Chapter 1
The office is cool and sparsely decorated. I count the plants (three), watch the second hand of the brass clock on the bookshelf make two full circles on its axis, stare at the large canvas on the wall, a lone red smear of paint in the center. I look anywhere but directly at Nora, the pristine, chignoned, straight-backed woman sitting in the executive chair across the desk from me—not because she’s flipping through my portfolio and I’ve never quite gotten comfortable with witnessing the judgment of my work, but because she’s wearing a neck scarf. Just seeing it, wrapped tightly like a noose, knotted right at her clavicle, makes my skin crawl with anxiety. How do people wear things wrapped around their throats? I’ve never understood it. Even as a kid, if my mom put me in a turtleneck, I would grasp at it, wheezing and crying and carrying on until she let me change.
I’m pretty sure I was strangled to death in a previous life.
Harrison says that’s morbid, but I once heard one of those late-night television psychics say that a lot of the fears we’re born with stem from events in our past lives. Like, if you are terrified of swimming in the ocean, maybe you drowned or were ravaged by a school of piranha or something.
Harrison also says I should stop watching so many of those late-night television psychic shows.
The room is silent, save the sharp machine-gun-fire rapping of Nora’s pen against the desktop. A pattern has emerged. She pauses the pen when she turns a page and then resumes as she gazes— thoughtfully, I hope—at the photos of my paintings.
There are thirteen art galleries in Hope Springs, Pennsylvania (excessive for a town with two thousand inhabitants, if you ask me, and I’m an artist). Only three show contemporary work, this one, and two others who have already turned down my paintings. Translation? This is kind of my last shot.
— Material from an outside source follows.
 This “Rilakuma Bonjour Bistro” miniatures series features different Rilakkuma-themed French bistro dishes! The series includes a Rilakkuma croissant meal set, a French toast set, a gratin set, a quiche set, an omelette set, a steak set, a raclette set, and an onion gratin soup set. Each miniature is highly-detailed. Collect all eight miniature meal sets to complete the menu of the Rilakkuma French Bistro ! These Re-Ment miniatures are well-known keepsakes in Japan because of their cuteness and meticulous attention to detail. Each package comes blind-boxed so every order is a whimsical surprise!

But I’m hopeful, because at least here, I actually have a third-degree personal connection— my old college professor Rick Haymond called in a favor to a friend, who in turn called Nora, and now here I am.
“Mia?”
“Yes?” I say, meeting her eyes.
“Is this a portrait of . . . Keanu Reeves?”
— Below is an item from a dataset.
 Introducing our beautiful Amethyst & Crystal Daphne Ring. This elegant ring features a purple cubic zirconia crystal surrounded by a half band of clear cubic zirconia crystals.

I clear my throat. “Um . . . yes.”
Her pen stills. She looks up at me, expectantly.
“That was part of my latest series.”
She waits, and I clear my throat again.
“Have you ever watched The $25,000 Pyramid?” I ask.
“I’m sorry?”
“The game show.”
“I—I believe so.” She narrows her eyes, unsure of where this is going.
“You know how the celebrities start saying a bunch of random words, like ‘wheels, buttons, beach balls,’ and then the contestant has to guess what the category is—like, in this example: Things That Are Round?”
“OK.”
“Well, I find that fascinating—the groupings of seemingly unrelated things that actually do have something in common. That’s how I choose the themes for my series.”
She continues to stare at me, and I can’t decide if she’s perplexed or bored. “And Keanu Reeves?”
“The theme was: Things That Are Mediocre.”
Her eyes remain locked on mine, but she doesn’t respond. She reminds me of a detective on one of those cop shows, the patient one, willing to wait out the suspect. I cave. I would be a terrible criminal. “Also in that series is the orange Tootsie Pop.”
“The orange Tootsie Pop,” she repeats.
“Right, because orange isn’t bad, but it’s nobody’s favorite, right? And then, let’s see, Capri pants, store-bought tomatoes—that’s why I painted them with the sticker still on—Easter . . .” She breaks eye contact as I’m speaking so I trail off.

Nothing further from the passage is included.